Rishi orders police crackdown on vile antisemitic mobs
RISHI Sunak has ordered a police crackdown on “appalling” and “unacceptable” antisemitic protests.
The PM said he expects forces to use new powers amid a surge in threatening protests near Parliament, MPs’ offices and council chambers.
Pro-Palestine activists beamed the “genocidal, antisemitic” phrase “From the river to the sea, Palestine will be free” on to Big Ben on Wednesday night as police stood by.
MPs were debating a Gaza ceasefire motion at the time.
Commons Leader Penny Mordaunt has confirmed the authorities are investigating.
The Met Police were later accused of “normalising aggressive and offensive acts” over the slur.
Earlier this month pro-Palestinian protesters targeted the home of Tory MP Tobias Ellwood.
Mr Sunak said it was “simply unacceptable” for intimidation to threaten democracy.

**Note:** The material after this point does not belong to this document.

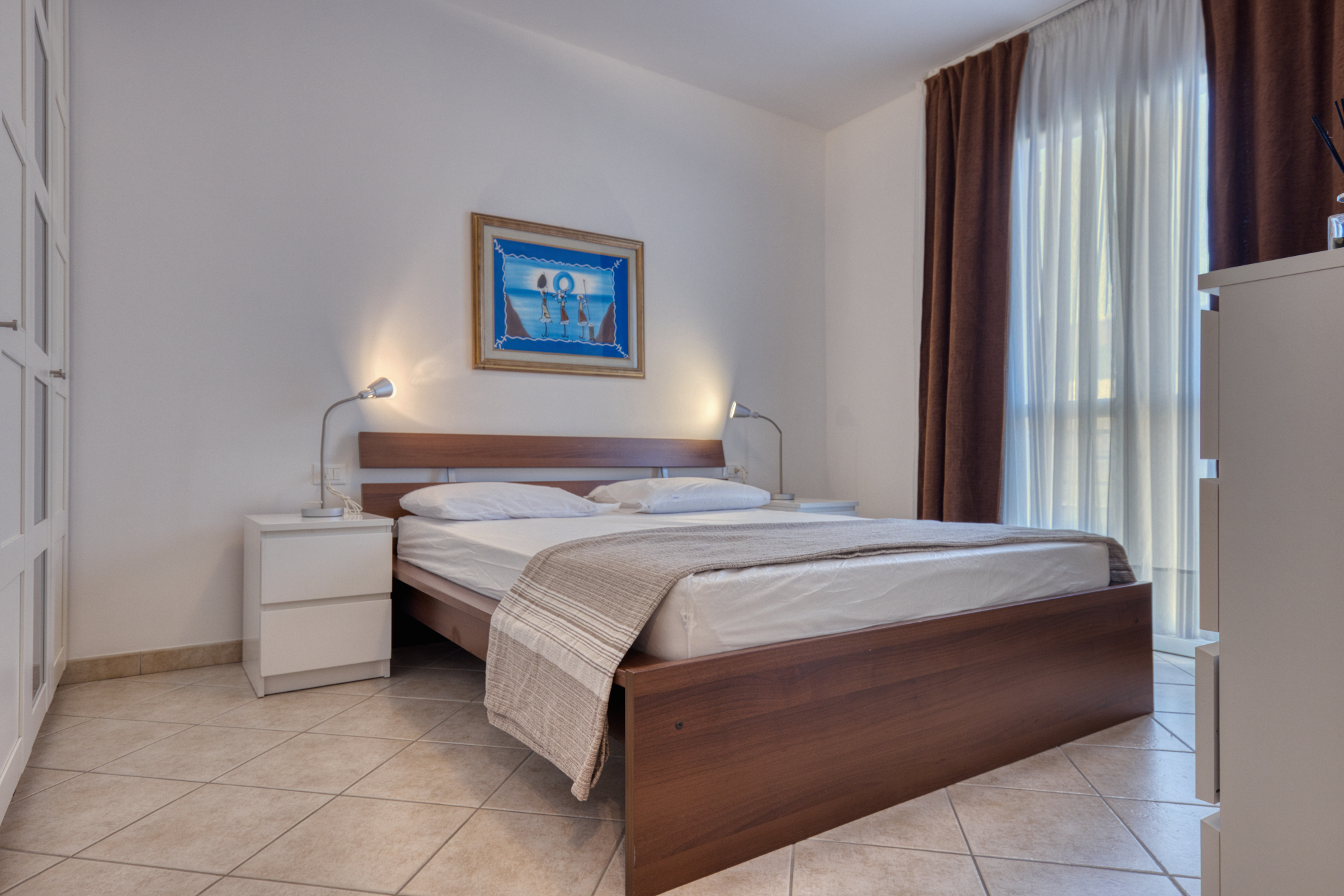 Camera con letto matrimoniale, bagno finestrato con doccia e lavatrice.

In North Wales yesterday, the PM said: “Some of the scenes we have been seeing in recent months, particularly antisemitic behaviour, are appalling and unacceptable.
Intimidation
“That is why we are giving the police more powers and I expect them to use them to make sure we clamp down on all of this.”
Home Secretary James Cleverly said it was “nonsense” for protesters targeting the homes of MPs to deny they were seeking to intimidate.
He said police already have the powers to stop such protests, adding: “And we also want them to understand that they have our backing when they use those powers.”
Mr Cleverly, pictured, added: “The only thing that politicians should fear is the ballot box.”
Two serving MPs – Labour’s Jo Cox and Conservative Sir David Amess – have been murdered in the past eight years.
Sir Lindsay Hoyle, the Commons Speaker who has faced calls to resign, said he went against convention
during the Gaza debate to widen discussion amid concern about intimidation towards some MPs.
Baron Walney, the Government’s adviser on political violence and disruption, said the “aggressive intimidation of MPs” by “mobs” was being “mistaken” for an “expression of democracy”.
The crossbench peer told BBC Radio 4’s Today programme he was calling for police forces to act “uniformly in stopping” protests outside
MPs’ homes as well as other political locations.
He urged “an easier and a faster process that, where those areas are being encircled by the kind of angry aggressive protests that have that implied sense of threat, as we are seeing, to give the police the ability to disperse them more quickly, which is clearly not happening”.
Mr Cleverly said politicians should be able to make decisions “based on their judgment” and “not based on fear of reprisals”.
The Home Secretary said he would not “impinge on operational decisions” by the police when asked if they should have stopped the words being projected on to Parliament.
But he said the Government “completely rejected” the sentiment behind the “deeply offensive words”.
The Metropolitan Police said: “While there are scenarios where chanting or using these words could be unlawful, its use in a wider public protest setting, such as [this week], is not a criminal offence.”
Shadow Home Secretary Yvette Cooper told the Today programme protests at MPs’ homes were “a disgrace” and “intimidation”.